Activity: Only the lines in the entries below from the line with "Renoncule à feuilles" to the line with "Fig. 7. Implantation", both included, belong in the answer, transcribed exactly and without pictures.

*** Excerpted data

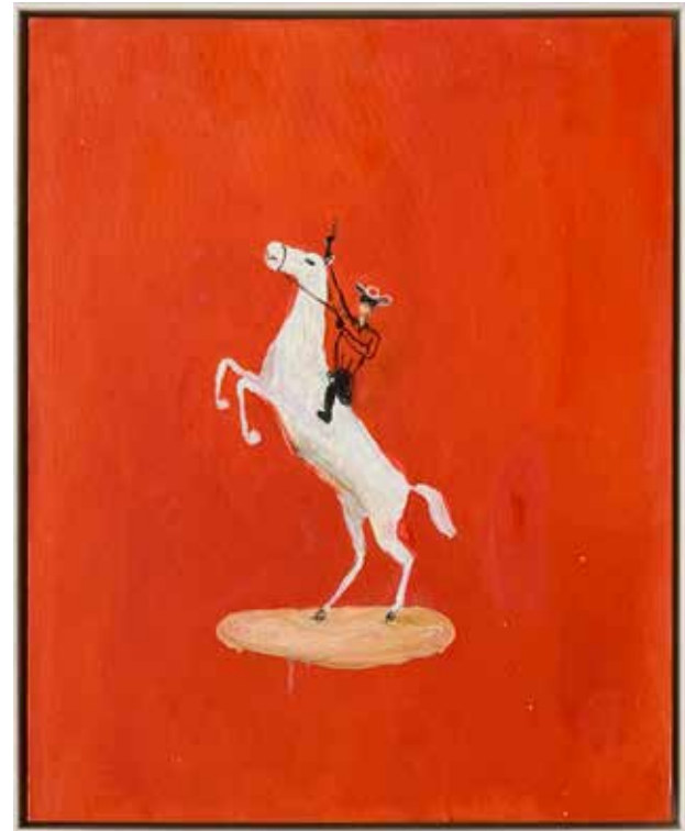
Maskerad Snövit. Olja och akryl på pannå, 52x42cm, 2023
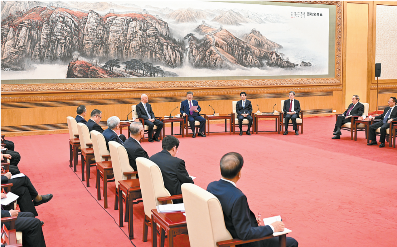
2月11日,习近平、王沪宁、蔡奇、丁薛祥等在北京人民大会堂同党外人士欢聚一堂,共迎佳节。
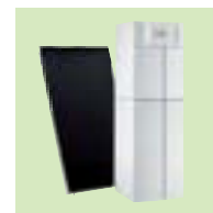
TWINEO EGC 17/29 ou 25 / V100SL
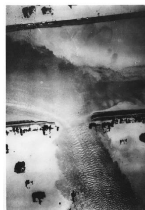
カスリーン台風による利根川破堤の写真
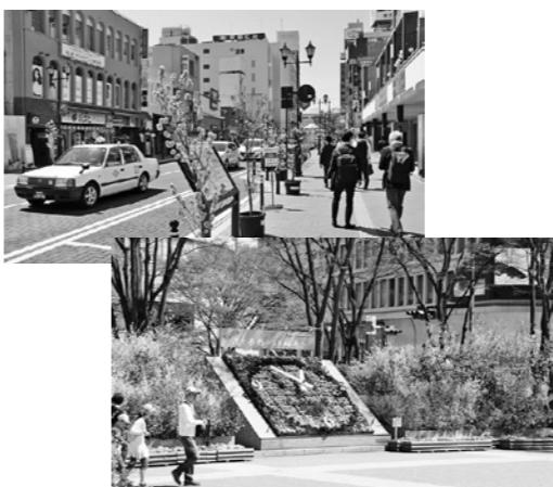
福島駅前通りに設置された花もも福島駅東口の花時計と花見山(画像はいずれも1昨年)

ましたが、市内には花見山だけでなく美しい花の鑑賞スポットがたくさんあります。サイトでは「ふくしま花回廊」として紹介しています。 https://www.hanamiyama.jp/
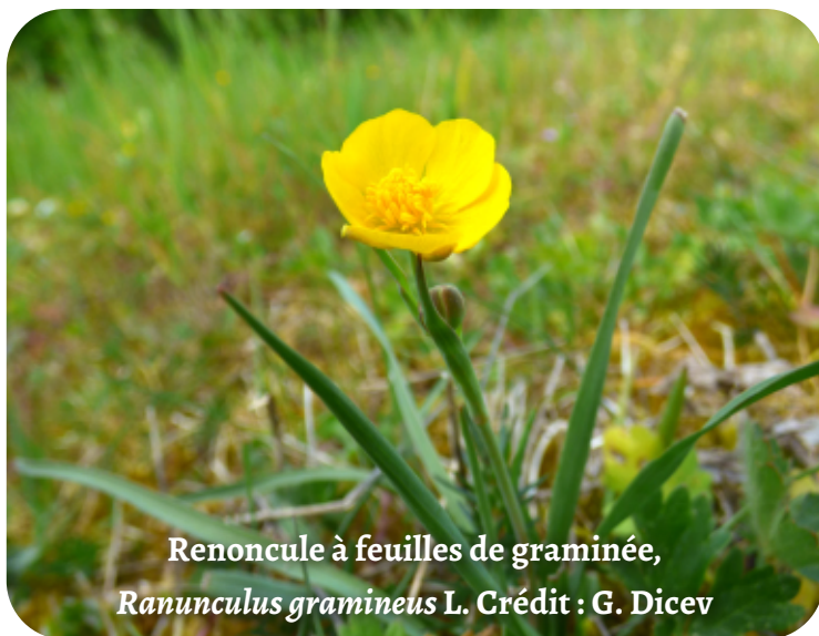
Renoncule à feuilles de graminée, Ranunculus gramineus L.
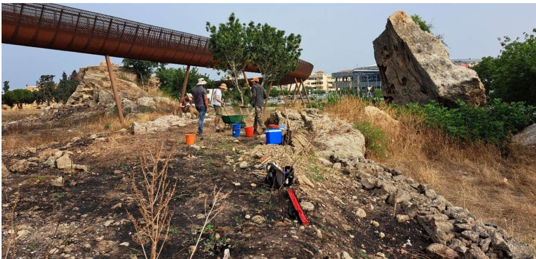
Fig. 7. Implantation d'un sondage dans l'axe de la falaise résiduelle et immédiatement au sud-est du fragment de falaise basculé (« rocher de Dighenis »). Vue vers le Nord-Ouest.

La mise en évidence du tracé du rempart Nord au sommet de la falaise résiduelle, épargnée par la carrière romaine, a conduit à s'interroger sur le prolongement vers l'est de ce rempart et sur son raccordement avec le rempart Est. Les niveaux de fondation des portions des remparts Est et Nord étant beaucoup plus élevés que le niveau de circulation d'époque romaine et actuel entre les deux, l'objectif a donc été double : tenter de restituer la topographie des lieux avant les remaniements d'époque augustéenne pour pouvoir envisager le tracé du rempart Nord. Or, immédiatement à l'est de la portion conservée de falaise où le tracé de ce rempart a été identifié, subsiste une portion effondrée de cette même falaise appelé localement « rocher de Dighenis » (toponyme lié à une légende locale) ( fig. 7 ) : le niveau de circulation ancien de la roche basculée (aujourd'hui vertical) porte la trace d'encastrement de blocs, parallèles ( fig. 8 ), entre lesquels la roche n'a pas été régularisée. En revanche, celle-ci a été nivelée à l'extérieur de ces deux alignements. Il semble donc qu'on ait là le témoignage du prolongement du tracé du rempart Nord vers l'est avant que la falaise ne s'effondre à la suite d'un séisme.
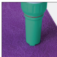
Измерение pH бумаги, текстильных изделий

******

Expected answer:
Renoncule à feuilles de graminée, Ranunculus gramineus L.
Fig. 7. Implantation d'un sondage dans l'axe de la falaise résiduelle et immédiatement au sud-est du fragment de falaise basculé (« rocher de Dighenis »). Vue vers le Nord-Ouest.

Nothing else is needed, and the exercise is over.